(Saved entries)
· · · · ·
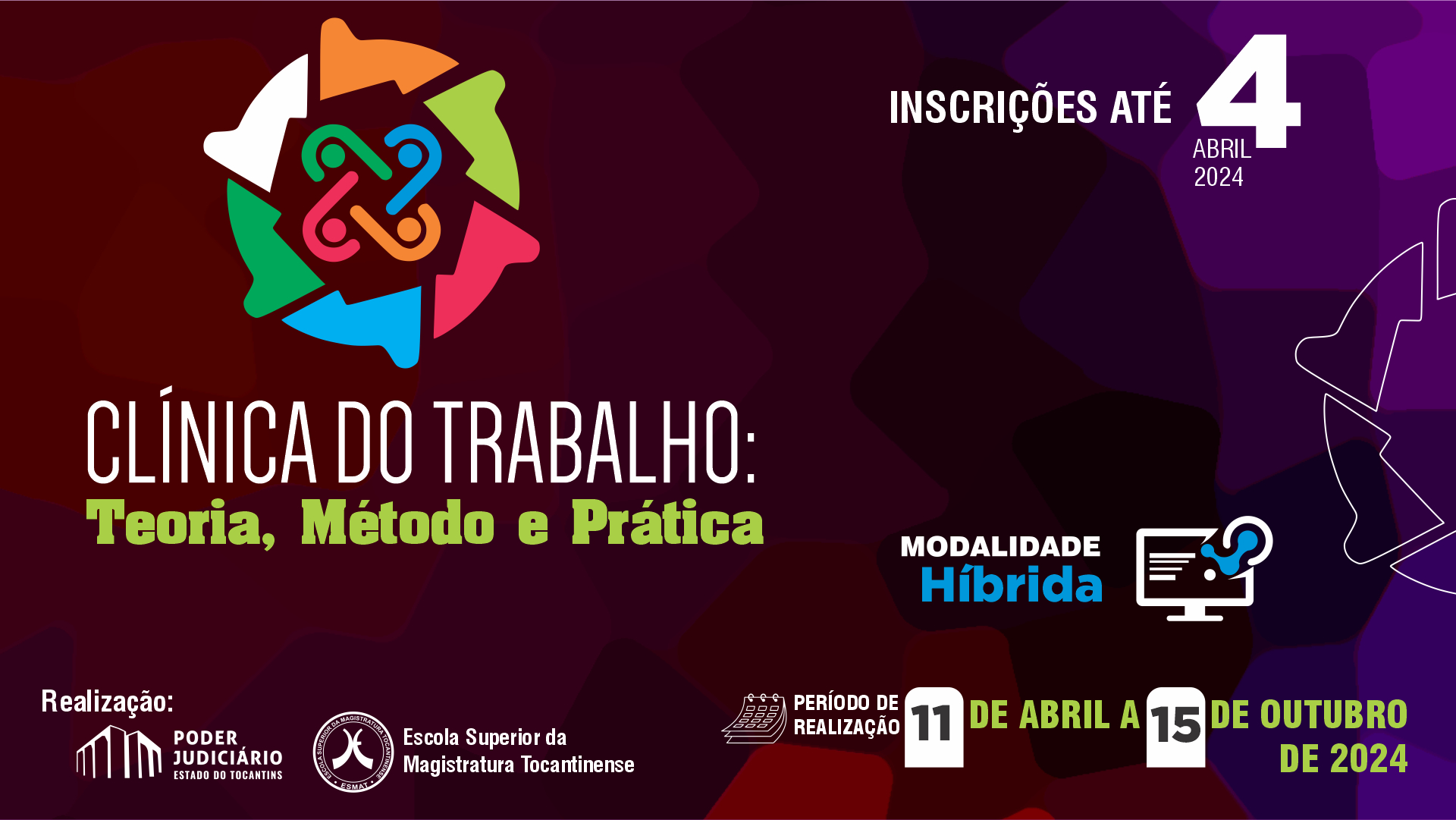 A Escola Superior da Magistratura Tocantinense (Esmat) realizará, no período de 11 de abril a 15 de outubro, um curso para abordar os referenciais teóricos para a realização da clínica do trabalho coletiva com os(as) servidores(as) do Poder Judiciário Tocantinense.
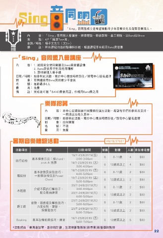 內 容 : 「Sing」音同盟入會講座、樂器體驗、樂器課程、義工樂隊、出Band出Show
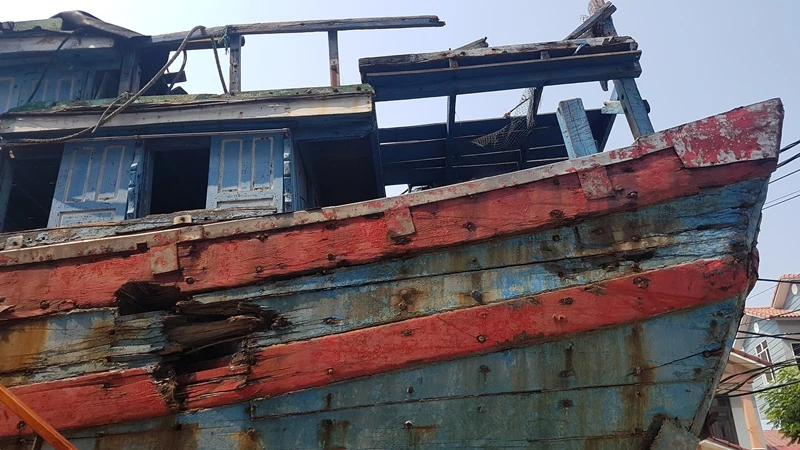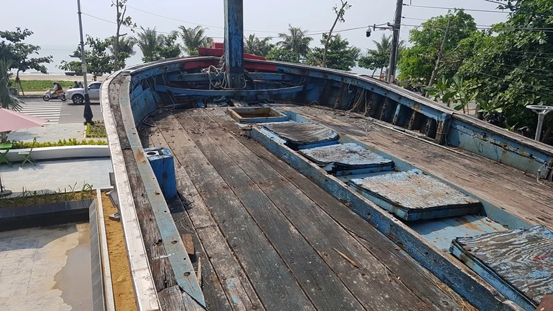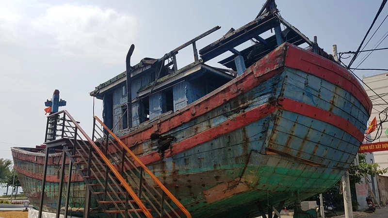 Tàu ĐNa 90152 TS bắt đầu được trưng bày từ tháng 5-2019, tròn năm năm sau ngày bị tàu Trung Quốc đâm chìm. Ảnh: TẤN VIỆT
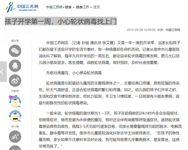 2、《凤凰网江苏》:孩子开学第一周,小心轮状病毒找上门//js.ifeng.com/a/20190909/7721820_0.shtml
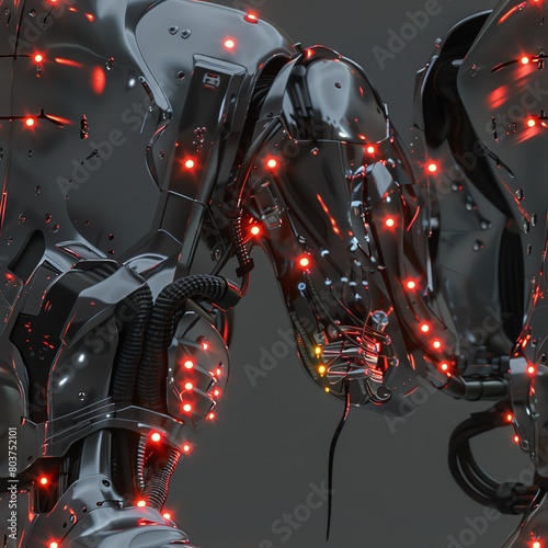 Fototapeta premium Immerse viewers in dystopian dread with a sleek, chrome exoskeleton, ominous red LED lights casting an eerie glow Include intricate wirings for added realism
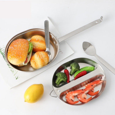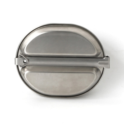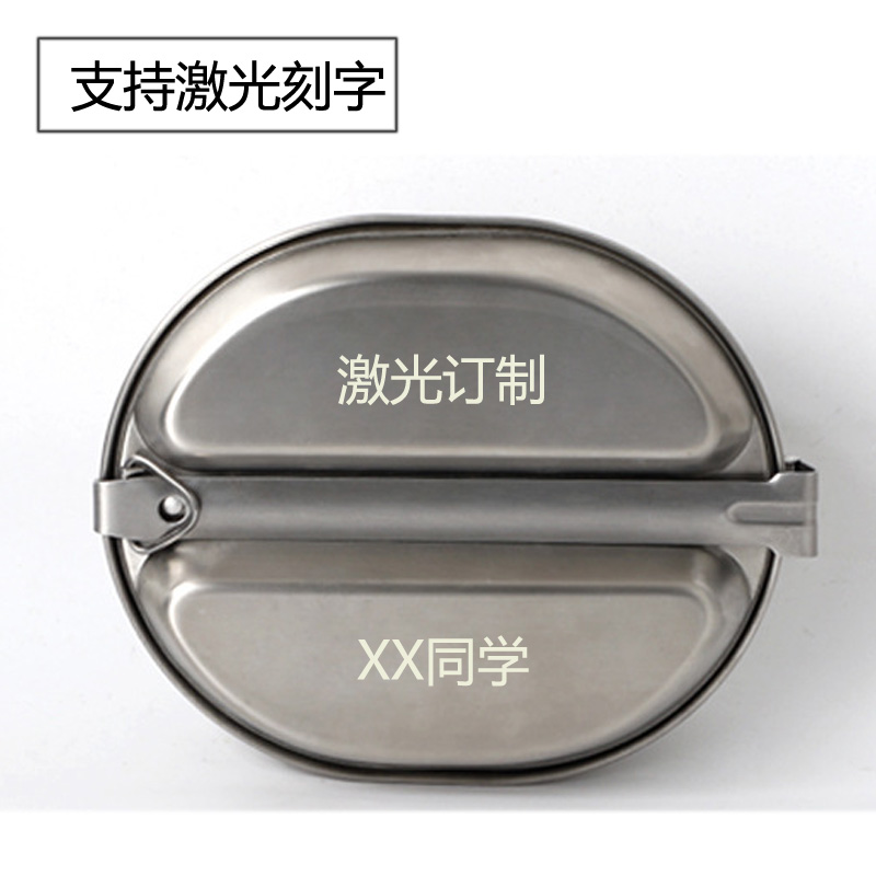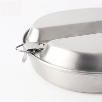 Versatile stainless steel oval long handle lunch box outdoor camping pan portable single soldier American egg-shaped dining box-Taobao
· · · · ·
### Aim of the exercise
With the pictures removed, please retype each record exactly.

### Result
 A Escola Superior da Magistratura Tocantinense (Esmat) realizará, no período de 11 de abril a 15 de outubro, um curso para abordar os referenciais teóricos para a realização da clínica do trabalho coletiva com os(as) servidores(as) do Poder Judiciário Tocantinense.
 內 容 : 「Sing」音同盟入會講座、樂器體驗、樂器課程、義工樂隊、出Band出Show
 Tàu ĐNa 90152 TS bắt đầu được trưng bày từ tháng 5-2019, tròn năm năm sau ngày bị tàu Trung Quốc đâm chìm. Ảnh: TẤN VIỆT
 2、《凤凰网江苏》:孩子开学第一周,小心轮状病毒找上门//js.ifeng.com/a/20190909/7721820_0.shtml
 Fototapeta premium Immerse viewers in dystopian dread with a sleek, chrome exoskeleton, ominous red LED lights casting an eerie glow Include intricate wirings for added realism
 Versatile stainless steel oval long handle lunch box outdoor camping pan portable single soldier American egg-shaped dining box-Taobao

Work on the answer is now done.